Lan Yin Bi Yue - Capítulo 67

Capítulo 67

Les autres gardes ont réagi, et plusieurs d'entre eux se sont avancés pour l'arrêter et l'escorter.

Je serrai fermement la main de Jin Ling, tout en tenant plusieurs sachets de poudre dans l'autre. Je pensais disperser la poudre et m'enfuir quand il y aurait moins de monde.

Un garde s'avança et tira, et avec un bruit sec et léger, quelque chose tomba de ma manche.

Le commandant, qui s'apprêtait à partir, s'avança, ramassa l'objet, y jeta un coup d'œil, et son expression changea soudainement. Il me fixa intensément pendant quelques instants, puis le prit à deux mains et me le remit respectueusement.

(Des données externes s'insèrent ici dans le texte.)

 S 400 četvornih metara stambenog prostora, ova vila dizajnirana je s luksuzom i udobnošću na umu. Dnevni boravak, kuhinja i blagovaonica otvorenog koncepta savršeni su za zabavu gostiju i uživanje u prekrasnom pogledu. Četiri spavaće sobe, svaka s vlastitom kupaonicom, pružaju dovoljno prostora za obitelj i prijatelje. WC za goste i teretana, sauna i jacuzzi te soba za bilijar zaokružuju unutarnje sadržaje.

J'étais quelque peu déconcerté et, sans réfléchir, j'ai tendu la main et l'ai pris. Avant même que je puisse voir ce que je venais de recevoir, le chef a fait un geste de la main et est parti avec ses hommes.

«Attendez une minute», dis-je précipitamment.

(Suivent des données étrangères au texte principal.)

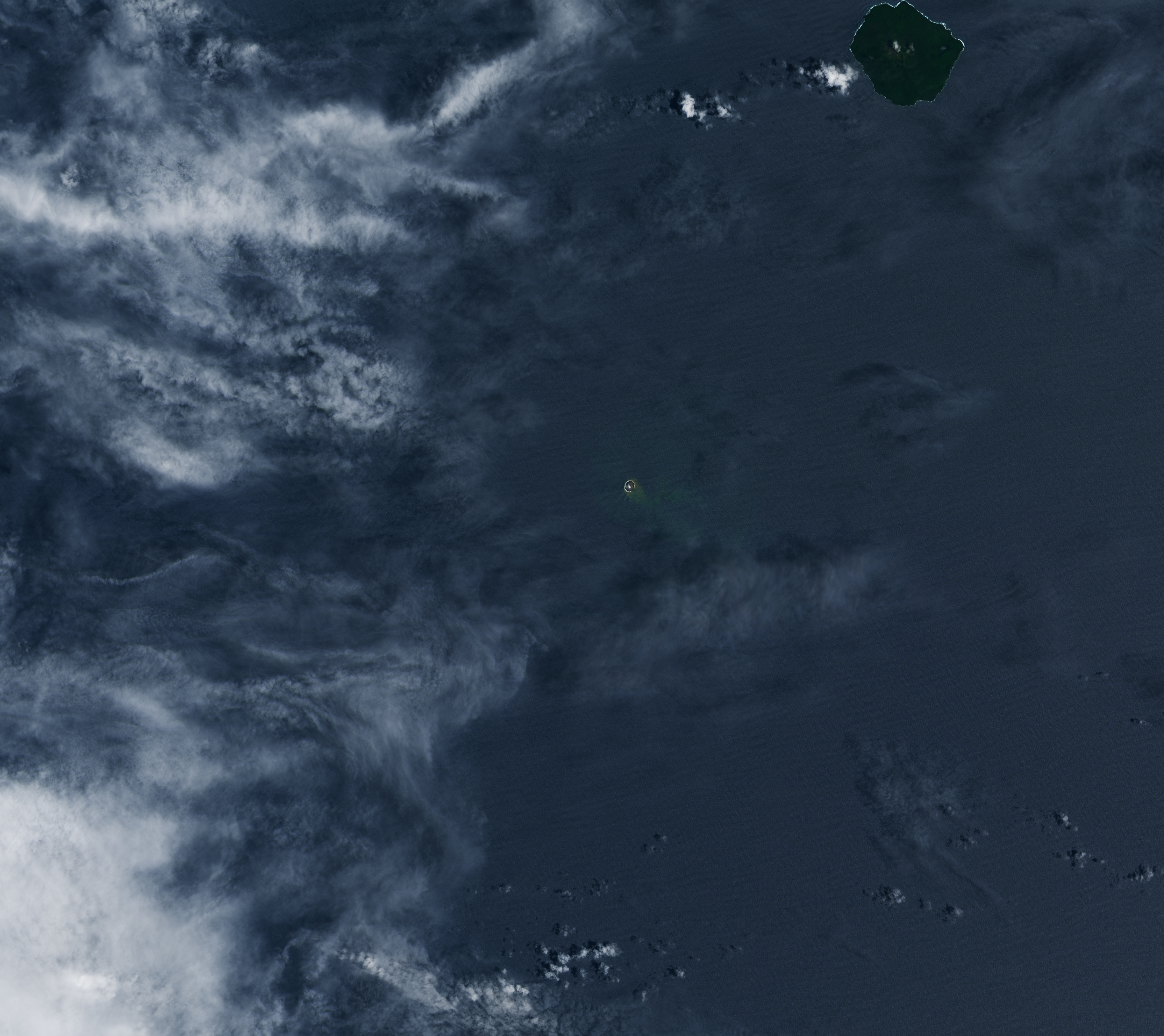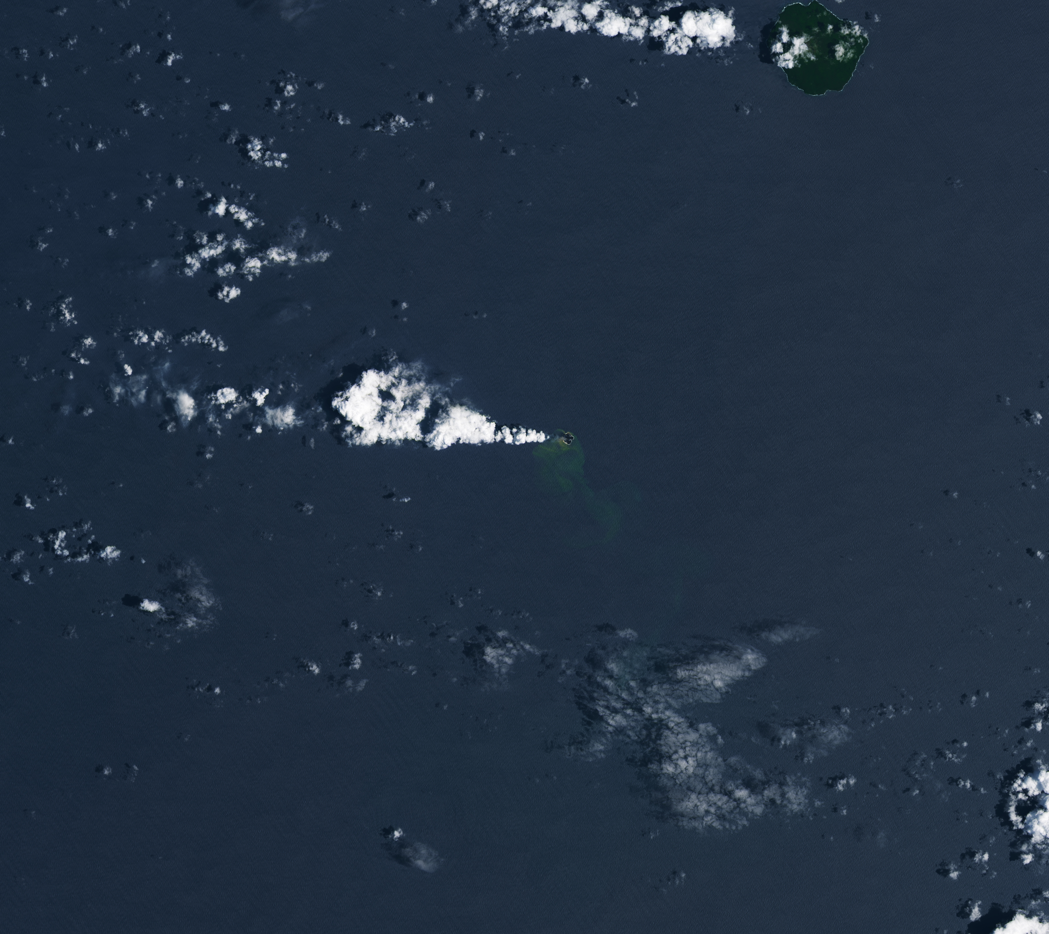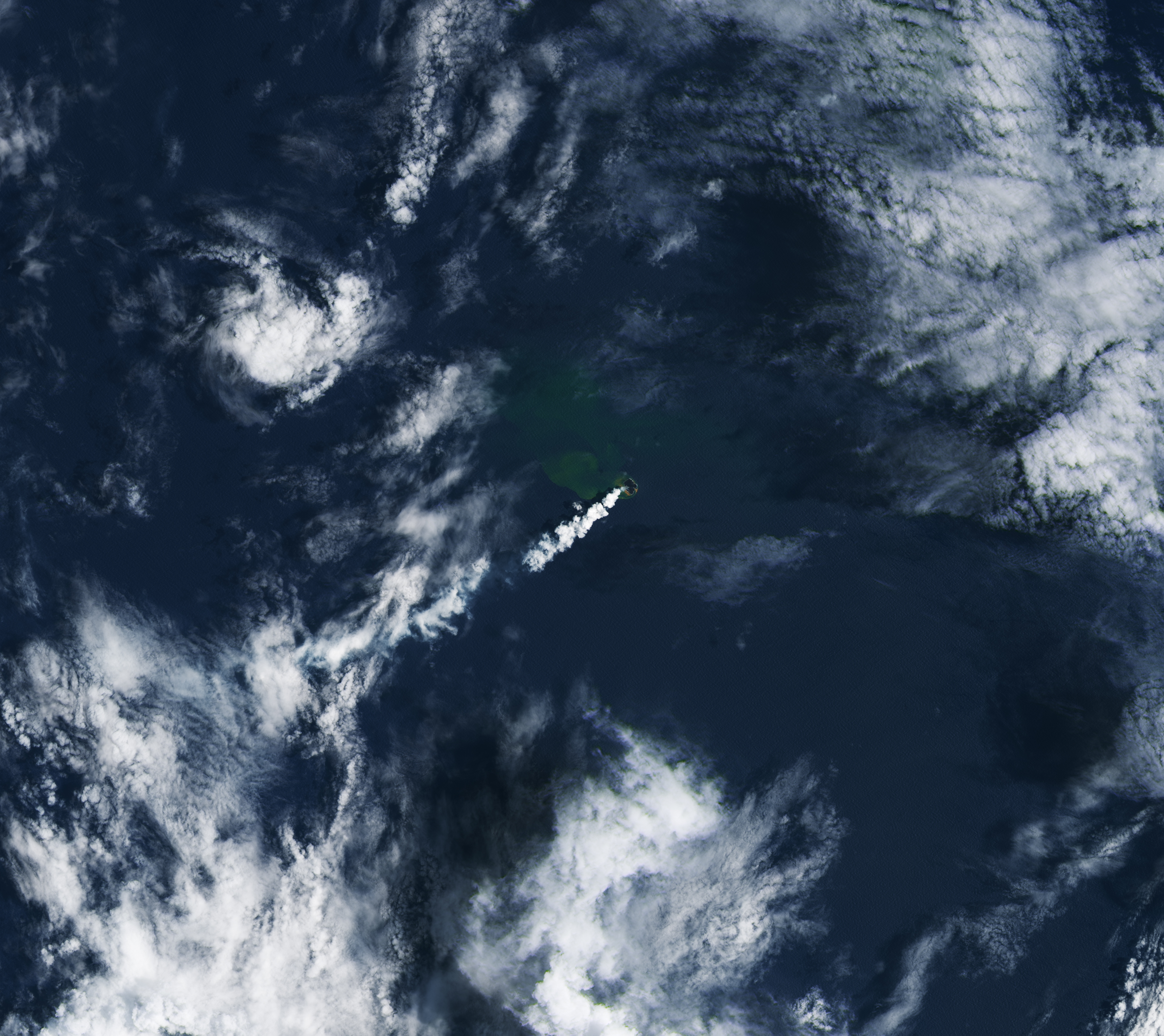 The discolored water around the island is a sign of gases and magmatic fluids venting from the volcano. Previous research has shown that such plumes of superheated, acidic water can contain particulate matter, volcanic rock fragments, and sulfur, and that they can appear before signs of an eruption above the surface. Concentrations of yellow sulfur mixing with the blue ocean may account for the water’s greenish appearance.

Le commandant s'arrêta et me regarda d'un air interrogateur.

Mais je me suis arrêtée net. Comment poser la question

? Comment la poser sans être abrupte ni me dévoiler

?

Ce que je tiens dans ma main, c'est le jeton que j'ai volé à Dark Night ce jour-là.

Est-ce à cause de ce jeton qu'il m'a laissé partir ? Ou bien s'est-il trompé sur qui j'étais ?

Le commandant des gardes impériaux, voyant que je l'avais interpellé sans répondre, esquissa soudain un léger sourire. « Puisque vous avez reçu l'ordre du prince héritier, veuillez l'exécuter sans tarder ; le prince héritier ne souhaite plus attendre. »

Bien?

J'étais sans voix. Il s'était déjà retourné et était parti.

Le prince héritier ? Quel prince héritier ?

Je le fixai avec suspicion dans la direction où il était parti. Qui lui a dit que je travaillais pour le prince héritier

? Pfff

!

« Maître, regardez ! Une autre escouade de gardes impériaux arrive », dit Jin Ling à voix basse.

Au moment où j'allais me cacher, j'ai soudain froncé les sourcils, me suis approchée de Jin Ling d'un pas assuré et me suis dirigée vers eux.

Les gardes en face de moi me fixaient avec suspicion, les mains sur le fourreau de leur épée.

J’ai levé le jeton dans ma main, esquissant un sourire, mais mes paumes étaient un peu moites.

Nous saurons bientôt si les gardes précédents nous ont laissés partir grâce à ce jeton.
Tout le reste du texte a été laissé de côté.